DATA BELOW.
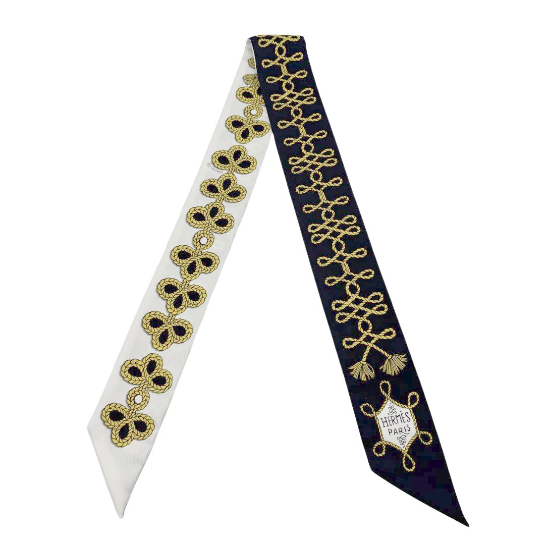 HERMES エルメス スカーフ ツイリー 『Galons et Brandebourgs(飾緒とブランデンブルク飾り)』 シルク...
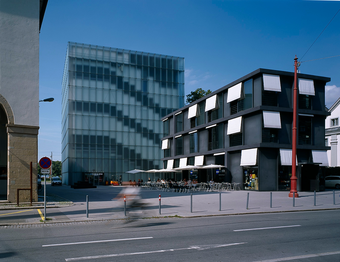 Städtebaulich ist der aus zwei Baukörpern bestehende Neubau leicht zu verstehen: Der Turm reiht sich vorn in die Front zum See, zwischen andere hohe Gebäude wie die gründerzeitliche Post und das etwas verunglückte Bühnenhaus des Kornhaustheaters aus den fünfziger Jahren. Zur Stadt hin gerichtet und bewußt eigenständig, steht der längsquadrische Verwaltungsbau des Museums. Er ist volumetrisch und bezüglich seiner städtebaulichen Lage verwandt mit den anderen Bauten dieser lockeren Zwischenzone an der Kornmarktstraße: dem benachbarten Gasthaus und der runden Seekapelle. Die beiden Neubauten fügen sich in die bestehende stadträumliche Struktur. Der Turm überragt seine Nachbarn, weil er eben ein Turm ist. Eine gedrungenere Proportion wäre einer Abschwächung der Idee gleichgekommen.
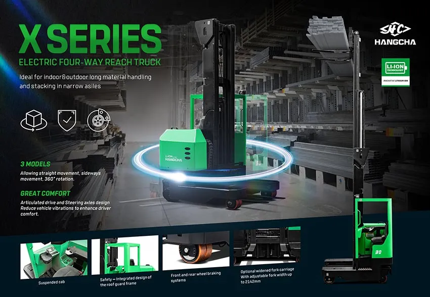 We are pleased to introduce our latest product specifically designed for handling long materials--the X Series Electric Four-Way Reach Truck with a capacity of 2,000 to 3,000kg and utilizes the 80V system, ideal for indoor and outdoor long material handling and stacking in narrow aisles.
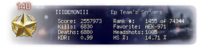 | Headshots | 1005 | Suicides | 54 | Headshot / Kill | 14.71 % |

WHAT THE TASK ASKS. Copy out all the data exactly. The images should not appear in the copy.

SOLUTION TO THIS PROBLEM.
 HERMES エルメス スカーフ ツイリー 『Galons et Brandebourgs(飾緒とブランデンブルク飾り)』 シルク...
 Städtebaulich ist der aus zwei Baukörpern bestehende Neubau leicht zu verstehen: Der Turm reiht sich vorn in die Front zum See, zwischen andere hohe Gebäude wie die gründerzeitliche Post und das etwas verunglückte Bühnenhaus des Kornhaustheaters aus den fünfziger Jahren. Zur Stadt hin gerichtet und bewußt eigenständig, steht der längsquadrische Verwaltungsbau des Museums. Er ist volumetrisch und bezüglich seiner städtebaulichen Lage verwandt mit den anderen Bauten dieser lockeren Zwischenzone an der Kornmarktstraße: dem benachbarten Gasthaus und der runden Seekapelle. Die beiden Neubauten fügen sich in die bestehende stadträumliche Struktur. Der Turm überragt seine Nachbarn, weil er eben ein Turm ist. Eine gedrungenere Proportion wäre einer Abschwächung der Idee gleichgekommen.
 We are pleased to introduce our latest product specifically designed for handling long materials--the X Series Electric Four-Way Reach Truck with a capacity of 2,000 to 3,000kg and utilizes the 80V system, ideal for indoor and outdoor long material handling and stacking in narrow aisles.
 | Headshots | 1005 | Suicides | 54 | Headshot / Kill | 14.71 % |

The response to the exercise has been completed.